These challenges underlie possible conflicts and disputes, which may not only cause damage to the project owner and the contractor, but also may directly impair the outcome of projects. Having a relatively low-cost negotiation is the most popular resolution to settle disputes in comparison with other alternatives, such as partnering, arbitration, and dispute review boards [3]. Therefore, modelling negotiation as a way to settle conflicts between the project owner and the contractor has attracted research interest. While earlier studies concentrate on developing a framework or tactic for the negotiating parties, the more contemporary research incorporates game theory to obtain the optimal outcome. Game theory may offer solutions to the problem by providing quantitative models of conflict and co-operation between intelligent, rational decision-makers [4]. It also suggests insights on how one’s decision will influence that of another and thus can be used to resolve conflicts and optimise risk handling between stakeholders in project management. By using game theory, project managers could reduce the chances of conflicts and gain better control in managing the owner-contractor liaison [5]. A number of studies have employed game theory in specific project settings in recent years, by focusing on the negotiation between the government and the private funding parties in Public-Private Partnership projects [6,7,8], and/or over some particular types of contracts, such as the BOT (Build-Operate-Transfer) contracts [9,10]. However, project management is known to be a broad discipline and the practitioners are keen to obtain a holistic and pluralistic understanding of stakeholder engagement [2]. It is therefore of interest to establish game theory as a means to provide a generalised negotiation model that can fit into different project environments.

This paper investigates the feasibility of utilising the evolutionary game theory in project management by setting up a representative model of a conflict between the owner and the contractor.
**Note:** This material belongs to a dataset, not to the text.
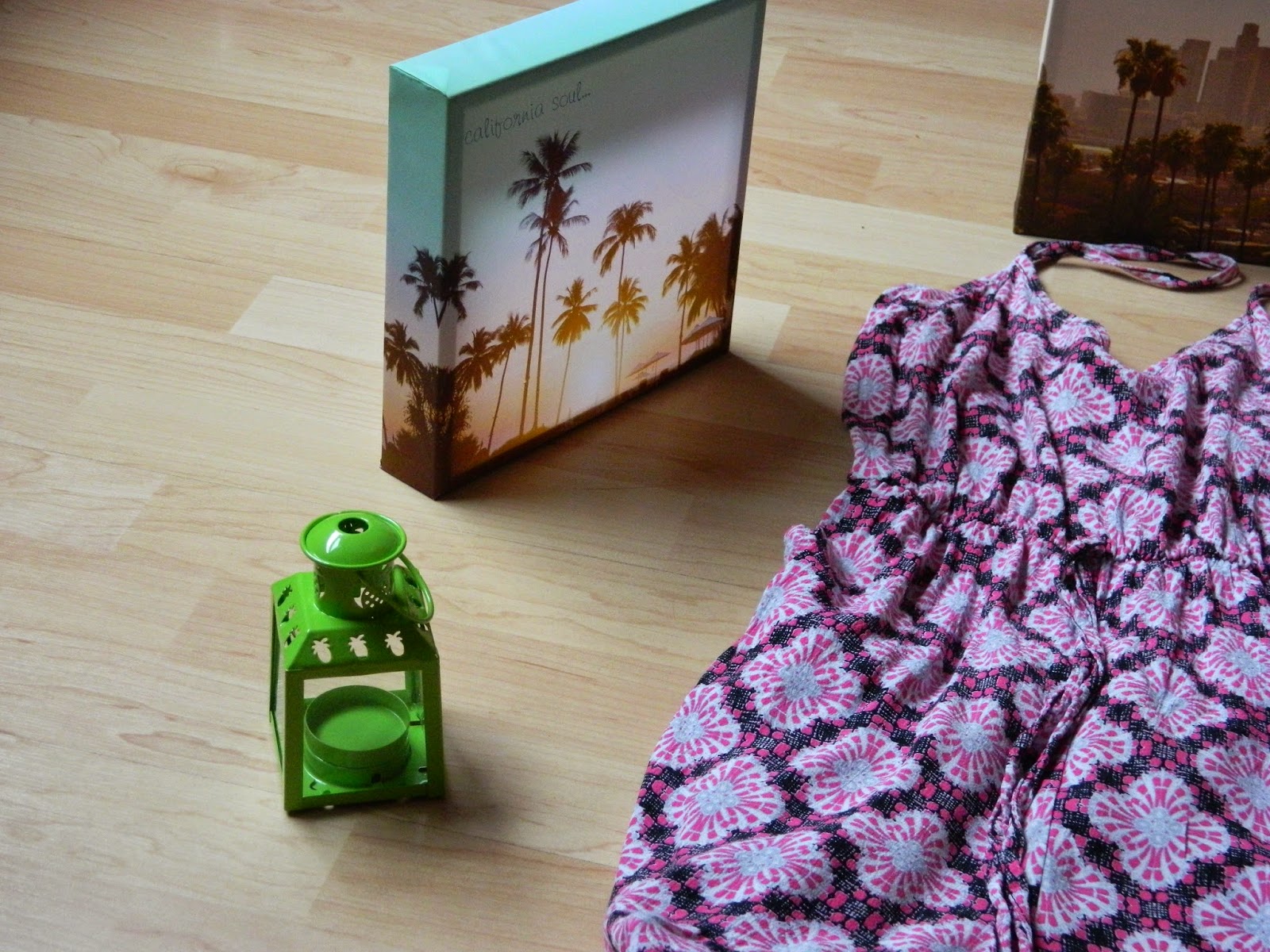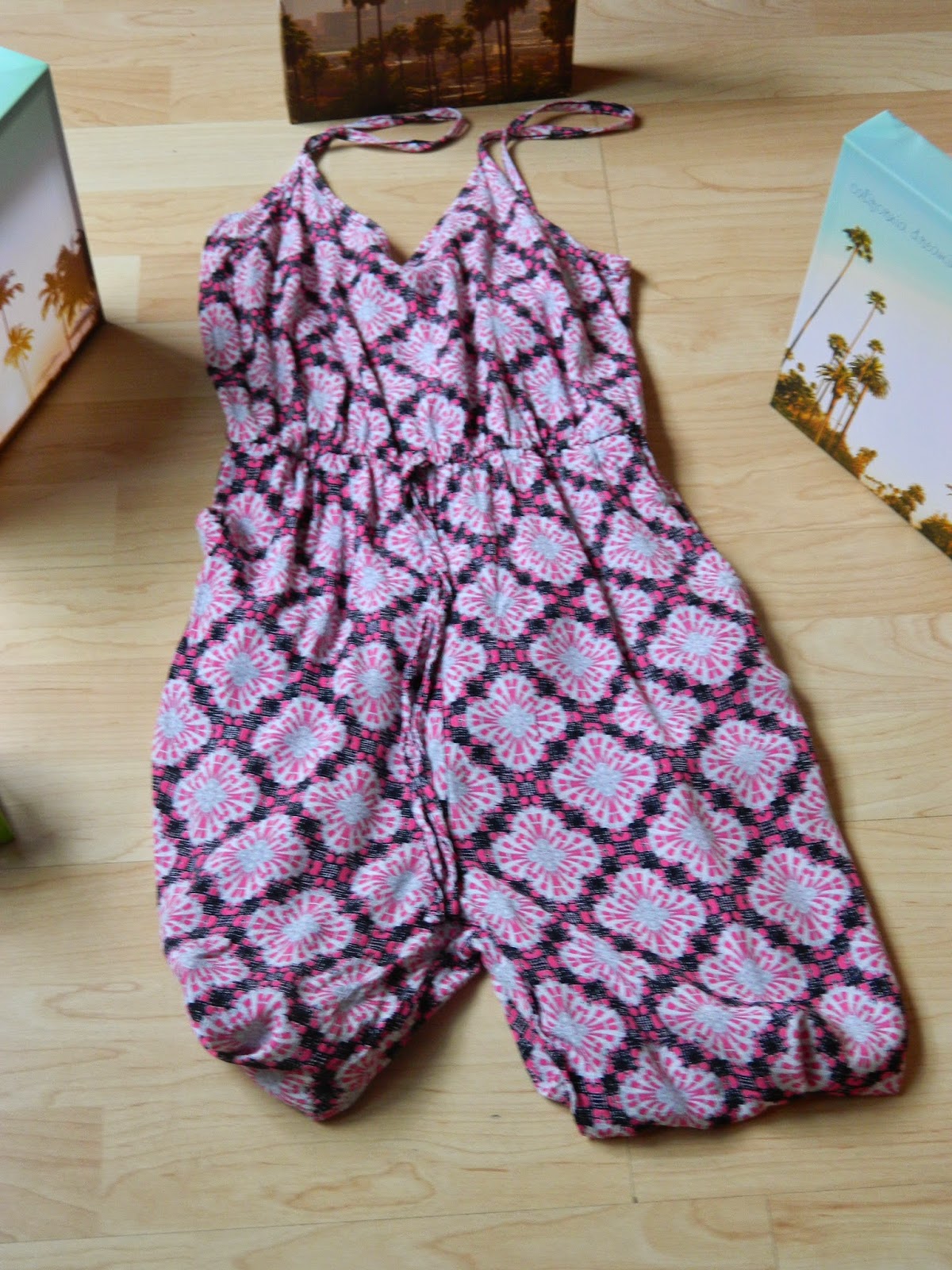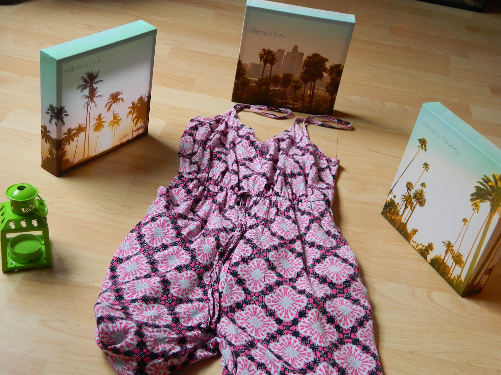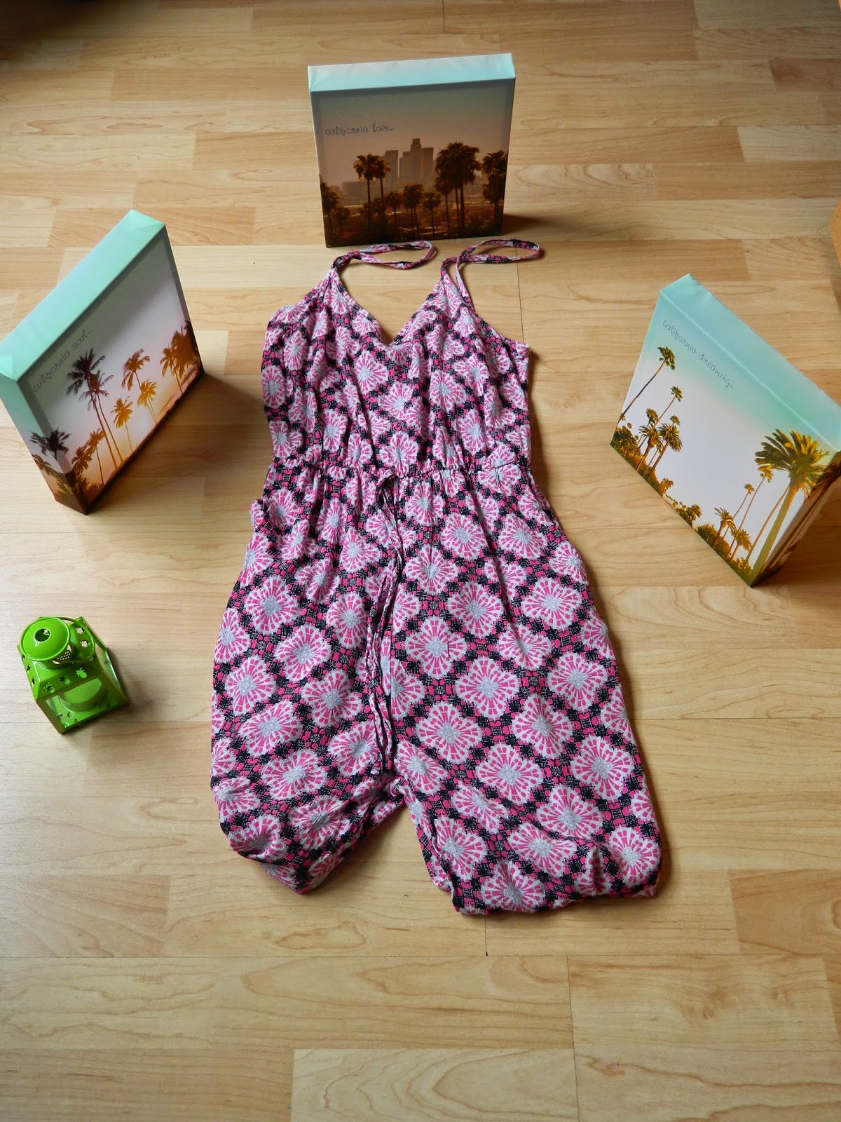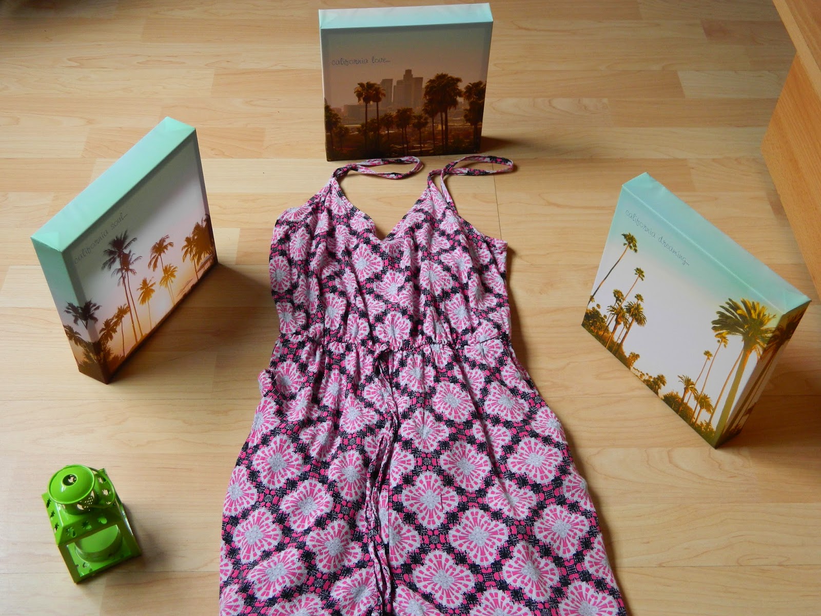 Nous avons d’abord commencé par le rez-de-chaussée avec la déco que j’ai vraiment appréciée. Du coup, j’ai emporté ces trois jolis tableaux pour 5€ ( un avant goût d’un potentiel futur séjour en Californie peut être?). J’ai également emporté sous le bras ce joli photophore que j’imaginais offrir à ma mère afin de décorer les tables de sa crêperie. Finalement on l’a gardé à la maison. Quant aux vêtements( que j’étais hyper impatiente de découvrir), il y avait beaucoup de choix. J’ai notamment été stupéfaite devant le rayon sacs. J’ai d’ailleurs hésité à prendre une pochette couleur abricot, mais cette couleur n’étant pas évident à associer, j’ai renoncé. Juste derrière, il y avait pleins de combi-pantalons. Vous savez mon goût particulier pour les combis ces derniers temps, je m’y suis donc attardée. J’en ai repéré une jolie, mais pas ma taille. Finalement, je tombe sur la rose que vous pouvez voir sur les photos à 17€. Au moment de l’essayage, dans le coin cabine absolument énormissime ( il y avait pas moins d’une trentaine de cabines au bas mot), je me rends compte que la combi tombe au niveau des épaules. En fait, le bouton qui devait se fermer dans le dos était décousu, du coup voilà. Je l’ai quand même prise, et un petit point plus tard, c’était ok. Je l’ai portée plusieurs fois dont dans cet article en bord de lac. Je n’ai rien pris d’autre parce que je n’ai pas trouvé ça top. Ma cousine a eu la même opinion, et pourtant, l’une comme l’autre, sommes loin d’être difficiles. Je pense que la période post-soldes a fait que les nouvelles co n’avaient pas encore tellement pointé le bout de leur nez. Au niveau des prix, pour la déco je n’ai rien à redire, mais au niveau vestimentaire, notamment pour ma combi, j’ai entendu beaucoup dire que les prix étaient très bas, du coup, je pensais que cela serait encore moins cher. Bon, je ne vais pas me plaindre. 17€ pour une combi, ce n’est pas énorme. Par contre, je pense qu’en Angleterre, les prix sont peut être plus bas.

The game is set in the context of the classical Hawk-Dove game, and the stability of Nash equilibria is studied through both analytical derivations and computational simulations. In doing so, the well-known Hawk-Dove evolutionary game is generalised by introducing cost sharing ratios for both players. Follow-up analysis is conducted by analysing the adaptation of optimal strategies and stability of the resultant equilibria under noisy and latent conditions which are typical in practical scenarios.

## 2. Evolutionary Game Theory: Generalised Hawk-Dove Model

The Hawk-Dove game originally developed by Maynard Smith [11] is one of the well-recognised standard paradigms of evolutionary game theory. It draws inspiration from the biology and models two players, hawk and dove, engaging in a single symmetric contest over a resource [12]. The payoff matrix for the Hawk-Dove game includes the value of the contested resource v, and the cost of an escalated fight c (Table 1). It is almost always assumed that the value of the resource is less than the cost of a fight, i.e., $c>v>0$ [11]. The cost of fight only incurs if a hawk confronts another hawk, producing the resultant payoff for each player as $\frac{v-c}{2}$. When a dove meets another dove, however, no fight will engage and they share the resource equally, each with payoff $\frac{v}{2}$. The payoffs for a hawk encountering a dove reflect the discrepancy of the fighting ability for the two species so that the hawk receives the resource v in full while the dove has nothing.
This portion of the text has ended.